▸ **Work task**:
Without any pictures, print exactly the lines that run from the start of the data through the line containing "Vintage pedestal table".

▸ **Collected material**:
────────

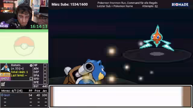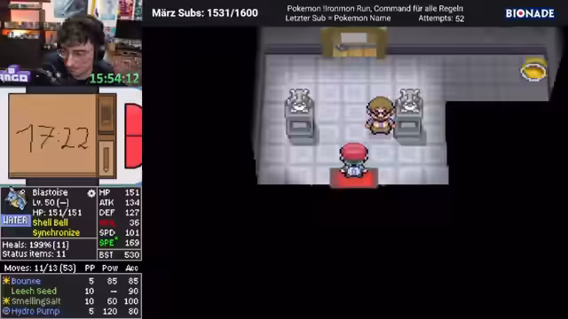 00:08:45Die zentrale Mission des Runs ist es, ein Turtok mit perfekten Werten zu entwickeln und es am Ende des Runs zu haben. Das Team hat dank Pokerus bereits perfekte EVs auf zwei Statuswerten gesichert. Der Fokus liegt nun darauf, Turtok schnell zu leveln und ihm starke Attacken wie Smelling Salt und später Hydro-Pumpe beizubringen. Der Streamer diskutiert die Wahl der vierten Attacke, wobei Sword Dance als spätere Option als stark eingestuft wird.
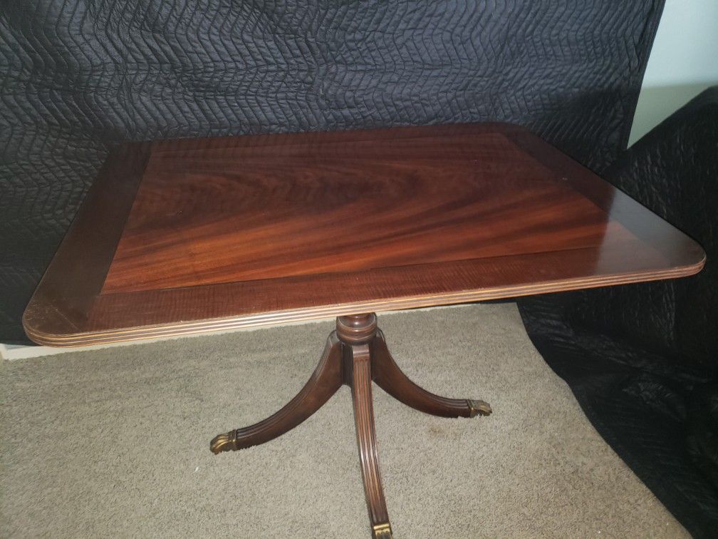 Vintage pedestal table with gorgeous polished wood grain finish. Tabletop is mounted to pedestal with dowel hinge, secured with screws, allowing you to fold up the table for storage. 40" L × 30" W × 26 " H (47-1/2" folded up)
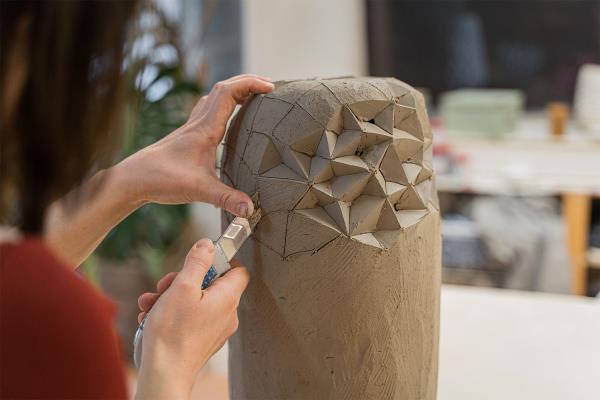 The ceramic works of Rūta Indriūnaitė (aka Rutrut) balance art and design. Each of her vases is unique, moulded and carved by hand. In a fast-paced world where many choose low quality mass production, she challenges herself to create objects without an expiry date. She studies nature and analyses the structures within it, stylising them to create designs for her works. Rūta doesn't like working fast; she likes to emphasise the time she invests in her works. Her creation process is a balance between creativity and technical artistry; she is very critical of herself and doesn't tolerate technical mistakes, yet she loves to experiment.
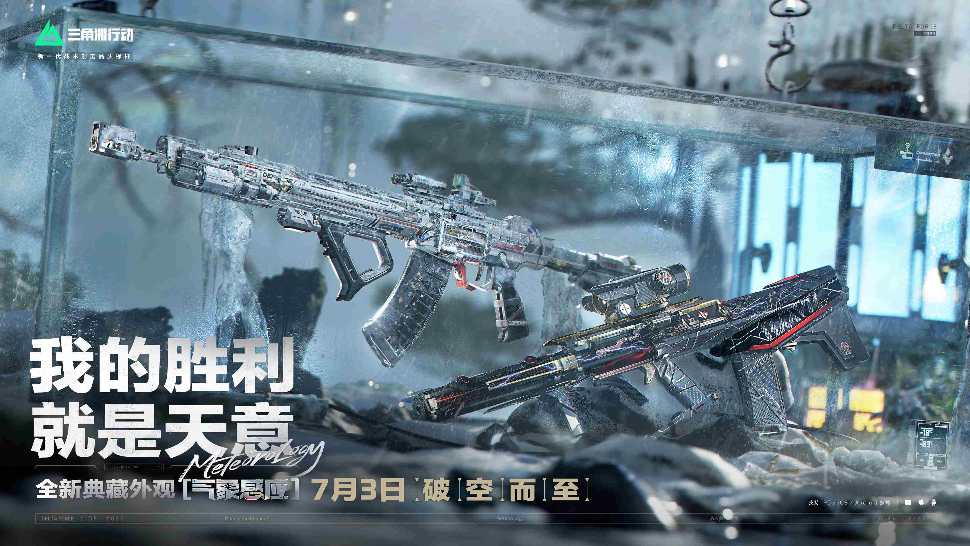 全新典藏外观-气象感应包含AUG突击步枪与腾龙突击步枪两款武器枪型,结合了极寒、炎热、酸雨、雷暴四种特殊气象设定,在检视时有独特天气变化效果,并搭配了检视语音及专属曳光弹设计。

────────

▸ **Exercise solution**:
 00:08:45Die zentrale Mission des Runs ist es, ein Turtok mit perfekten Werten zu entwickeln und es am Ende des Runs zu haben. Das Team hat dank Pokerus bereits perfekte EVs auf zwei Statuswerten gesichert. Der Fokus liegt nun darauf, Turtok schnell zu leveln und ihm starke Attacken wie Smelling Salt und später Hydro-Pumpe beizubringen. Der Streamer diskutiert die Wahl der vierten Attacke, wobei Sword Dance als spätere Option als stark eingestuft wird.
 Vintage pedestal table with gorgeous polished wood grain finish. Tabletop is mounted to pedestal with dowel hinge, secured with screws, allowing you to fold up the table for storage. 40" L × 30" W × 26 " H (47-1/2" folded up)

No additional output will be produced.